Records from a dataset:
━━━━━━━━━━━━━━━━━━━━
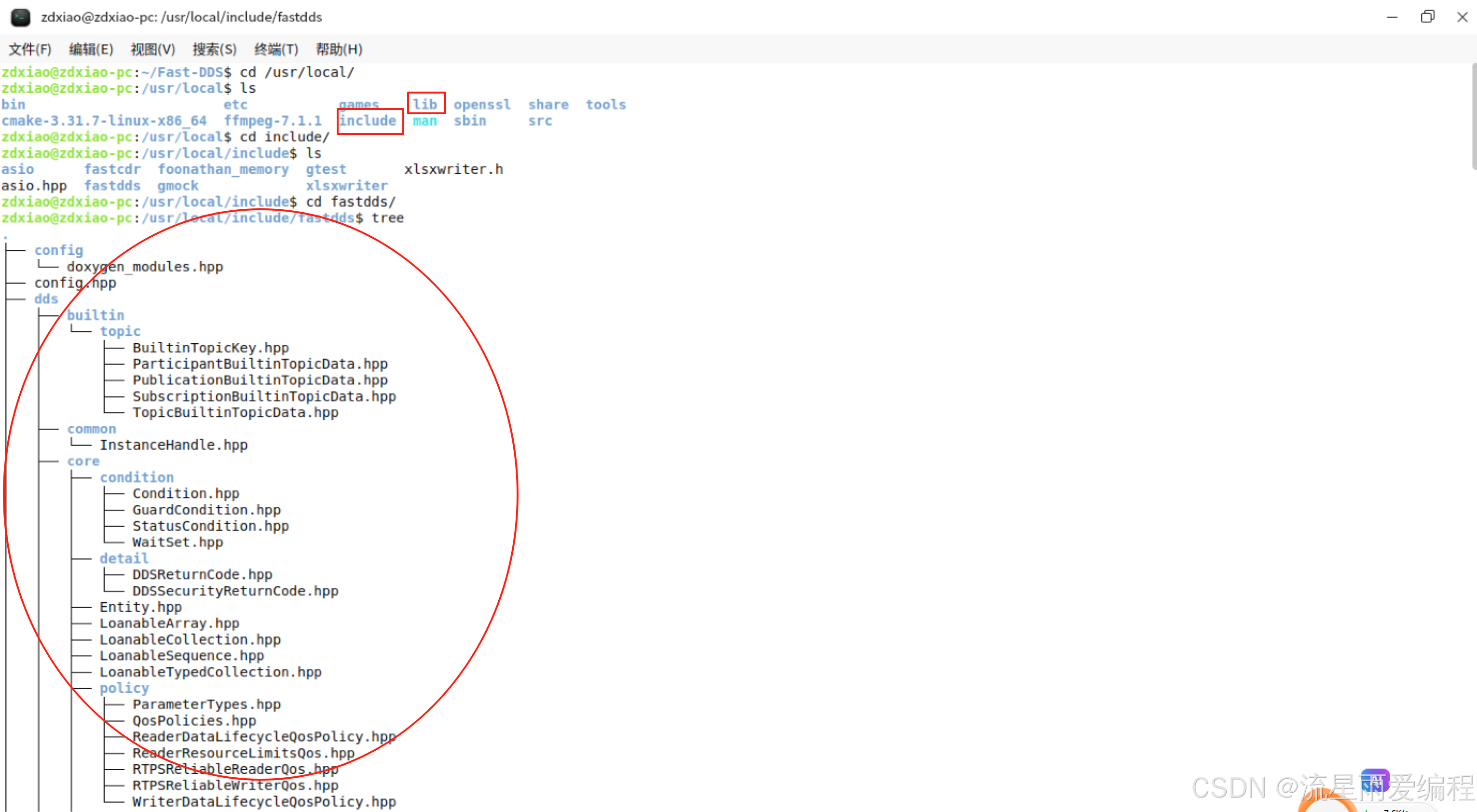 然后再用同样的方法安装FastDDS即可。安装完在/usr/local目录下有FastDDS的相关信息:
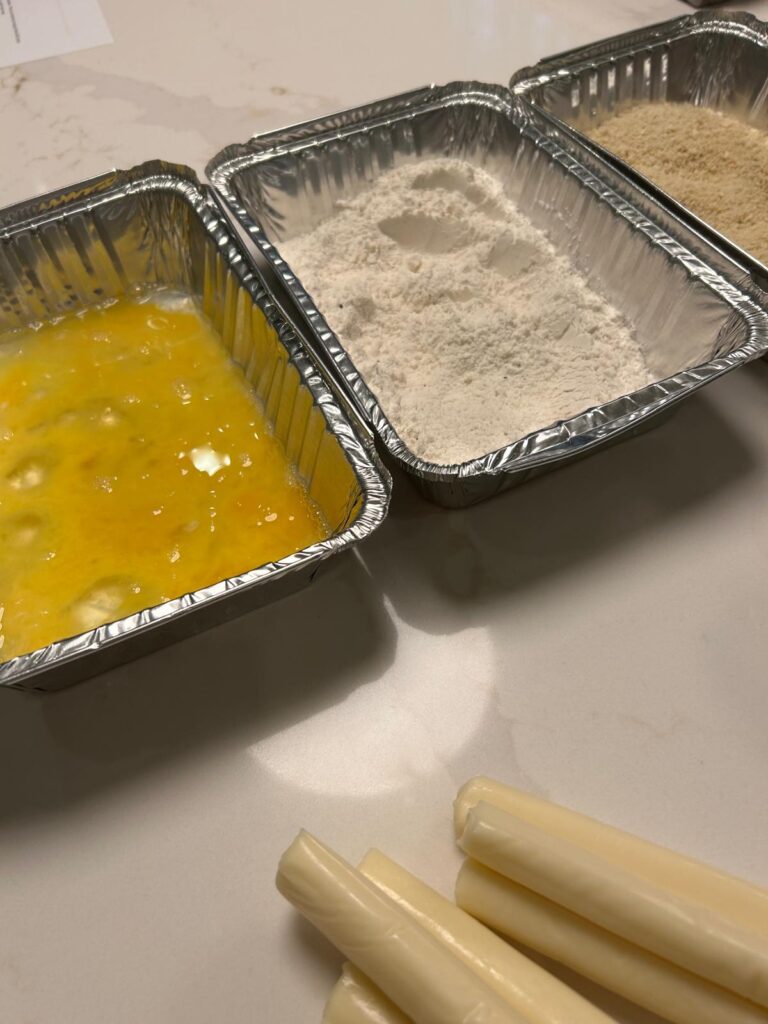 • Take each mozzarella stick and dip it into the egg, then the flour mixture, back into the egg and finally into the breadcrumbs.
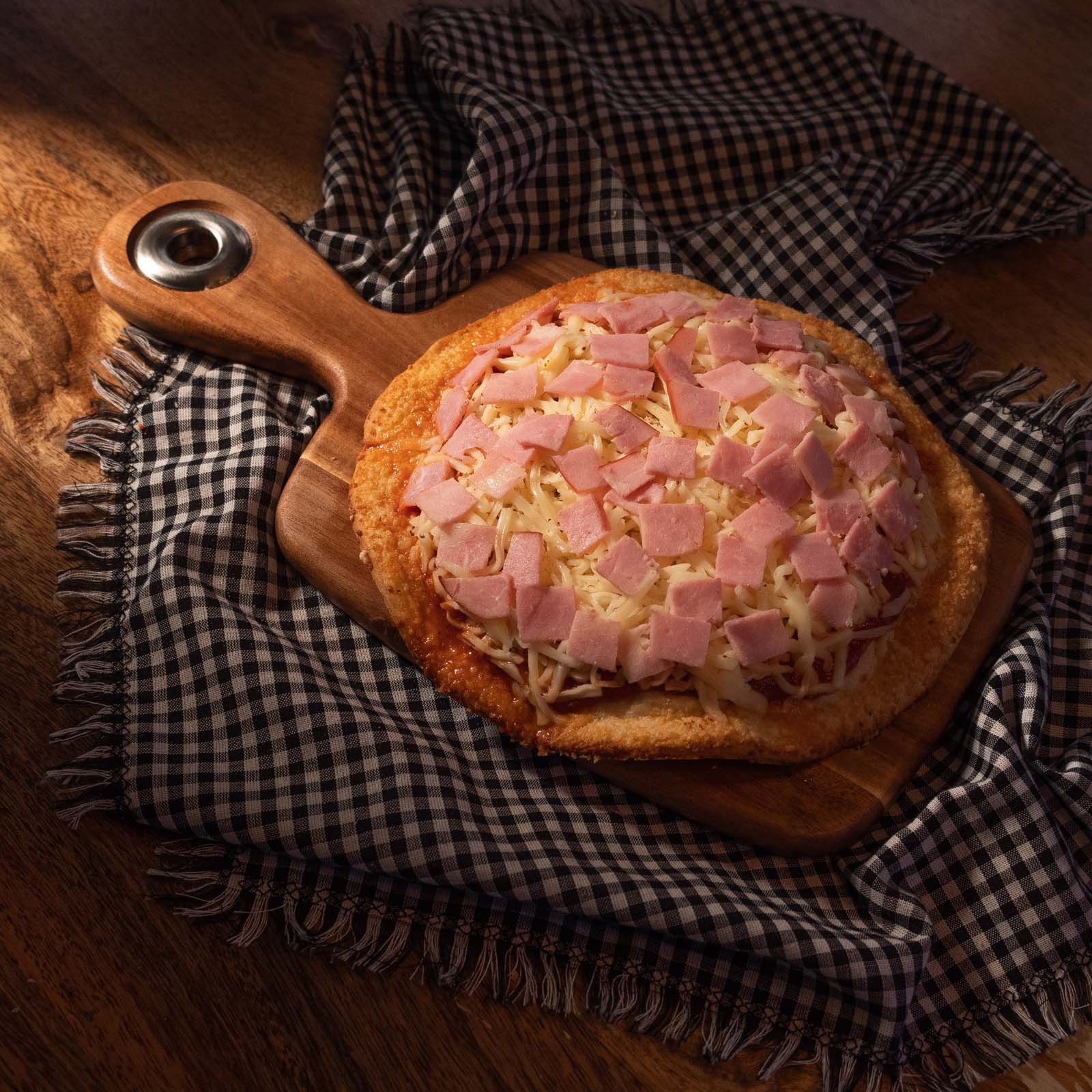 Lo irresistible de esta pizza es la combinación perfecta de masa, con nuestra salsa de ingredientes frescos y aromáticos, tiene una consistencia espesa y un perfecto equilibrio entre la acidez del tomate, ajo y cebolla, terminándola de sellar con una capa bondadosa de queso mozarela y jamón de pavo.
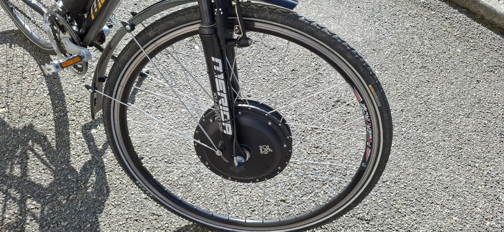 Dodatečně osazené elektropohonem EVBIKE s předním nábojem – z běžného krosového kola udělané praktické elektrokolo
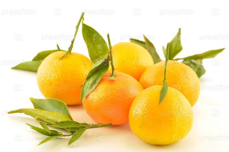 Мандарины с листочками на белом фоне
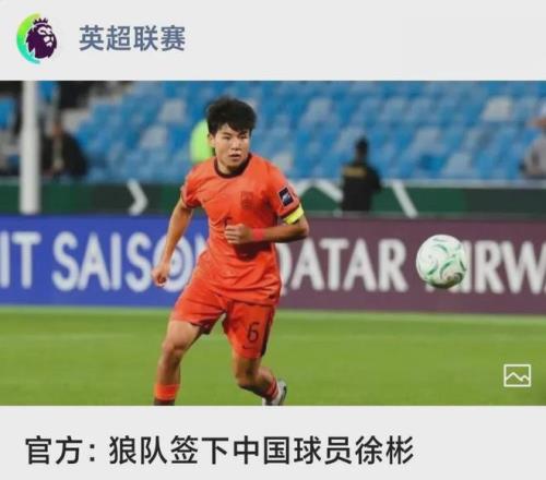 英超联赛重点推出徐彬加盟狼队的内容。
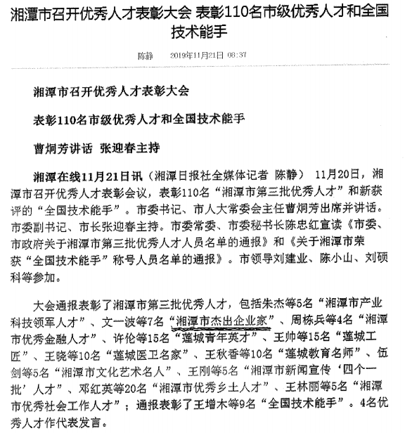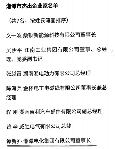 湘潭电化集团有限公司董事长谭新乔同志入榜湘潭市杰出企业家名单
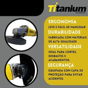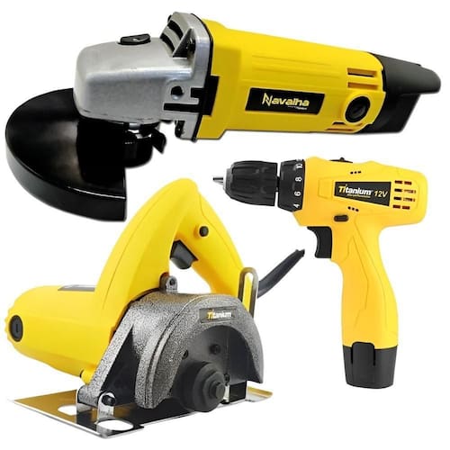 Kit Esmerilhadeira Angular + Parafusadeira 12v Furadeira +Serra + Esmerilhadeira Navalha Angular 600W 4.1/2 9.500RPM Titanium + Parafusadeira Furadeira 12V 1,2Ah 6238 Titanium + Serra Mármore 4.3/8 1100w Titanium Esmerilhadeira Navalha Angular 600W 4.1/2 9.500RPM Titanium Caracteristicas: A Esmerilhadeira Navalha Angular 600W Titanium é uma ferramenta robusta e versátil, ideal para cortes, desbastes e acabamentos em diferentes materiais, como metais, concreto e alvenaria. Com seu motor potente de 600W, ela garante eficiência em trabalhos de serralheria, construção civil e até projetos DIY faça você mesmo . Benefícios: - Ergonomia: leve e fácil de manusear, a esmerilhadeira conta com um punho auxiliar que oferece maior controle e conforto durante o uso. Versatilidade: ideal para cortes, desbastes e acabamentos em diversos materiais. - Durabilidade: fabricada com materiais de alta qualidade, projetada para durar mesmo em condições de uso intensivo. Segurança: equipada com capa de proteção para evitar acidentes durante o manuseio. - Este produto é perfeito para profissionais que trabalham com construção civil, metalurgia, ou para quem realiza serviços domésticos com frequência. A Esmerilhadeira Navalha Angular 600W - Titanium oferece precisão, potência e segurança, sendo uma excelente escolha para suas atividades Recomendações de Uso: - Segurança: Utilize sempre os Equipamentos de Proteção Individual EPIs como óculos, protetor auricular e luvas ao operar a esmerilhadeira. - Manutenção: Limpe regularmente e verifique o estado do disco de corte para manter o bom desempenho da ferramenta. - Armazenamento: Guarde a esmerilhadeira em local seco e arejado, protegida de umidade para prolongar sua durabilidade. Marca: Titanium Modelo: 08254 110V / 08255 220V Capacidade do disco: 4.1/2 115mm Potência: 600W Rotação: 9.500 RPM + Parafusadeira Furadeira 12V 1,2Ah 6238 Titanium Caracteristicas: Ferramenta de aperto, afrouxamento e furação simples. A Parafusadeira elétrica a bateria Titanium possui mandril de 3/8 pol. 10mm com aperto rápido e ajuste de torque/perfuração, regulagens com posição para perfuração e botão de sentido horário e anti-horário de rotação. Conta também com de acionamento, seletor de reversão da rotação e luz LED para melhor visibilidade. - Parafusadeira elétrica a bateria - Velocidade - Precisão - Compacta Especificações: - Marca: TITANIUM - Referência: 6238 - Voltagem: Bivolt - Bateria: 12V, luz de led, 1,2 Ah - Tipo de Bateria: bateria de ions de litio - Mandril: 0.8-10 mm - Tipo de Mandril: aperto rápido - Tipo de velocidade: Variável - Tamanho: 3/8 - Torque: 20 Nm - Rotação: 2 velocidades: 0-200rpm e 0-1000rpm - Sistema de Reversão: Sim - Dimensões aproximadas CxLxA : 19 x 4 x 19 cm - Peso aproximado: 1 kg + Serra Mármore 4.3/8 1100w Titanium 110v Serra mármore 4.3/8 1100 watts da Titanium é uma ferramenta elétrica apropriada para uso em construções, pois corta mármore, granito, concreto, alvenaria, telha, tijolo, ardósia, pedras em geral. Madeira e muito mais utilizando os discos de cortes corretos. Possui motor potente, proporcionando ótimo acabamento ao corte. Conta com trava de gatilho, que facilita os trabalhos mais longos. Sua regulagem de profundidade permite ajustes de corte com mais precisão e proporcionando melhor acabamento. Especificações Marca: Titanium Modelo: 07664 Voltagem: 110v/220v Diâmetro do disco: 110mm Diâmetro do eixo: 20mm Diâmetro do disco mm : 110 Diâmetro do disco polegada 4.3/8 Potência: 1100W Rotação Máxima: 11000 Largura 23cm: Altura: 18cm Comprimento: 20cm Peso: 2.50 Kg Itens Inclusos 1 Esmerilhadeira 1 serra mármore 1 chave inglesa 1 capa de metal 115mm 1 punho auxiliar 1 chave de fixação 1 Disco. 1 Parafusadeira 1 Bateria 12V 1 Carregador Bivolt
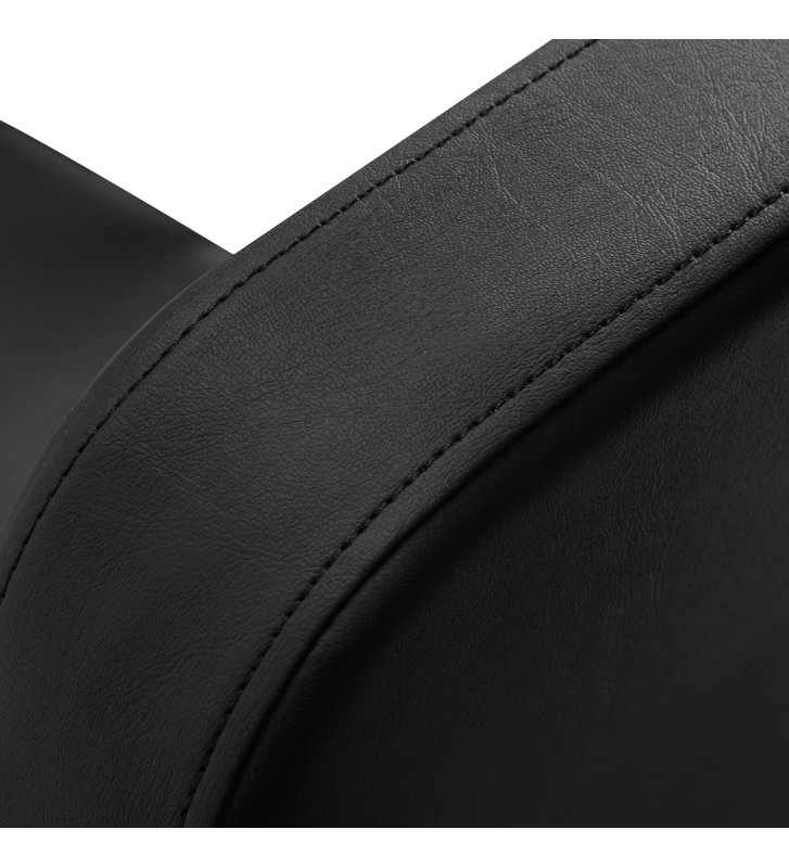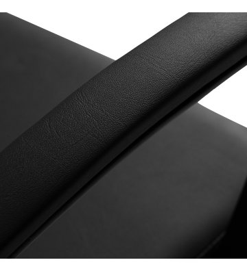 Siedzisko wypełniono trwałą, odporną na odkształcenia pianką, dzięki czemu fotel na długo zachowuje swoją formę i pełną funkcjonalność. Obicie z przyjemnej w dotyku imitacji skóry cechuje się odpornością na wilgoć, wysoką wytrzymałością oraz łatwością w utrzymaniu czystości. Głęboka czerń tapicerki dodaje mu ponadczasowej elegancji. Klasyczne wykończenie sprawia, że fotel wygląda doskonale w niemal każdej przestrzeni, podkreślając styl salonu.
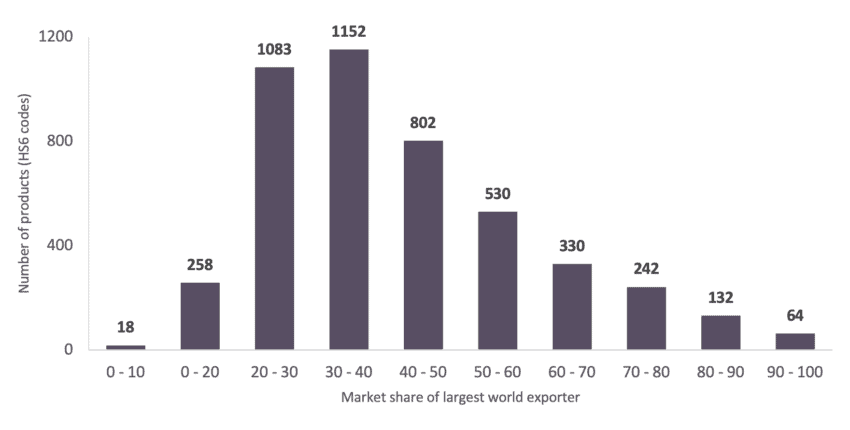 We studied the share of the largest exporters in world trade for all products in 2018, in order to produce the graph above. The total number of products were 4,611 and we looked at the export values of the 50 largest economies in the world, taking the EU as a single country. For each of these products we first found the largest exporter, followed by their share on total trade in each product, and then grouped together the products whose share of the largest exporter fell in a particular bracket (0-10%, 10-20%, so on).
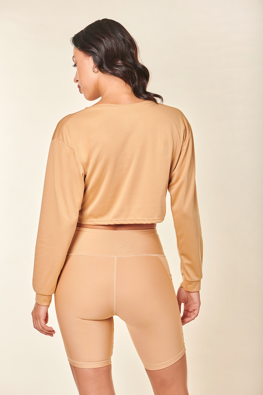 This cropped, crewneck long sleeve features a clean, straight hem and relaxed raglan sleeves. It's classic cut and perforated mesh fabric allows effortless layering capabilities.
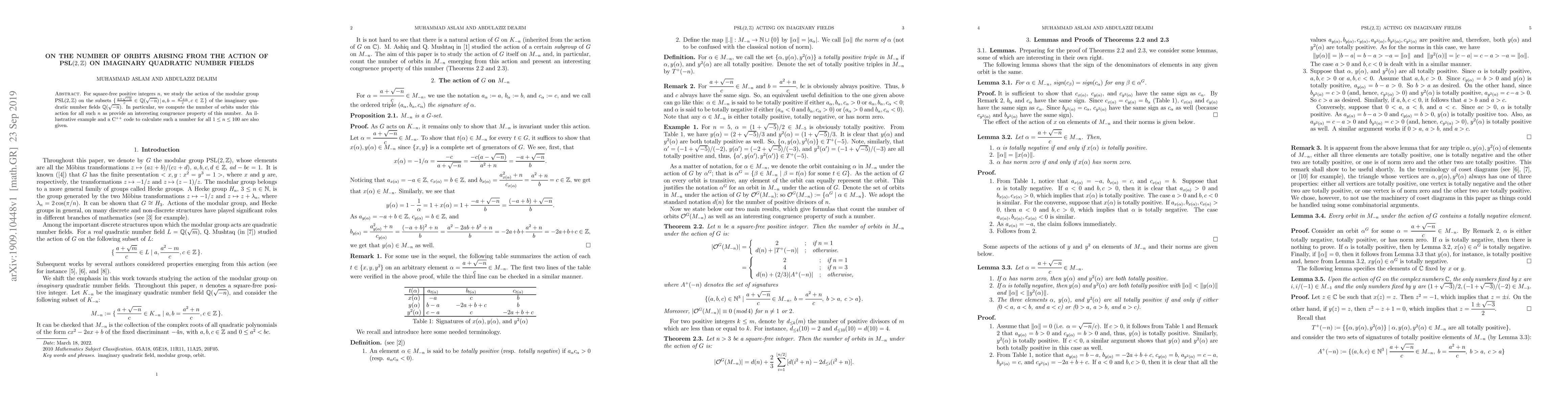 For square-free positive integers $n$, we study the action of the modular group $\mbox{PSL}(2,\mathbb{Z})$ on the subsets $\{\,\frac{a+\sqrt{-n}}{c}\in \mathbb{Q}(\sqrt{-n})\, | \, a,b=\frac{a^2+n}{c},c \in \mathbb{Z} \,\}$ of the imaginary quadratic number fields $\mathbb{Q}(\sqrt{-n})$. In particular, we compute the number of orbits under this action for all such $n$ as provide an interesting congruence property of this number. An illustrative example and a C$^{++}$ code to calculate such a number for all $1\leq n \leq 100$ are also given.
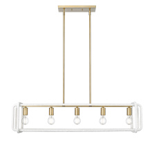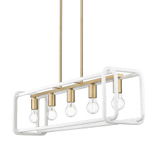Bring coastal elegance into your home with the Wry Lighting Camden 5-light Island Light. Featuring a brushed champagne brass frame, it creates a welcoming atmosphere fitting for any modern space. The fixture is crafted with handwoven raphia rope, adding a unique texture that evokes a breezy, relaxed feel. This artisanal material enhances the aesthetic while providing a warm glow. Its brushed champagne brass finish offers an understated and elegant alternative to traditional gold, seamlessly blending warmth and sophistication. Tailored for kitchen islands, this lighting fixture is damp location rated, making it ideal for covered and semi-enclosed spaces. It is also sloped-ceiling compatible and adjustable in height, accommodating various ceiling types. Overall dimensions measure 41.13"W x 9.75"H x 8.75"D, and it requires 5 E26 medium base bulbs (not included), with a maximum wattage of 60 per bulb. Elevate your culinary space with this charming piece, a true embodiment of quality and style.
━━━━━━━━━━━━━━━━━━━━
When you reach the line that has "Dodatečně osazené elektropohonem" in the data above, start repeating lines exactly, and stop after the line that has "湘潭电化集团有限公司董事长谭新乔同志入榜湘潭市杰出企业家名单"; pictures stay out.

§ ANSWER TO THE PROBLEM:
 Dodatečně osazené elektropohonem EVBIKE s předním nábojem – z běžného krosového kola udělané praktické elektrokolo
 Мандарины с листочками на белом фоне
 英超联赛重点推出徐彬加盟狼队的内容。
 湘潭电化集团有限公司董事长谭新乔同志入榜湘潭市杰出企业家名单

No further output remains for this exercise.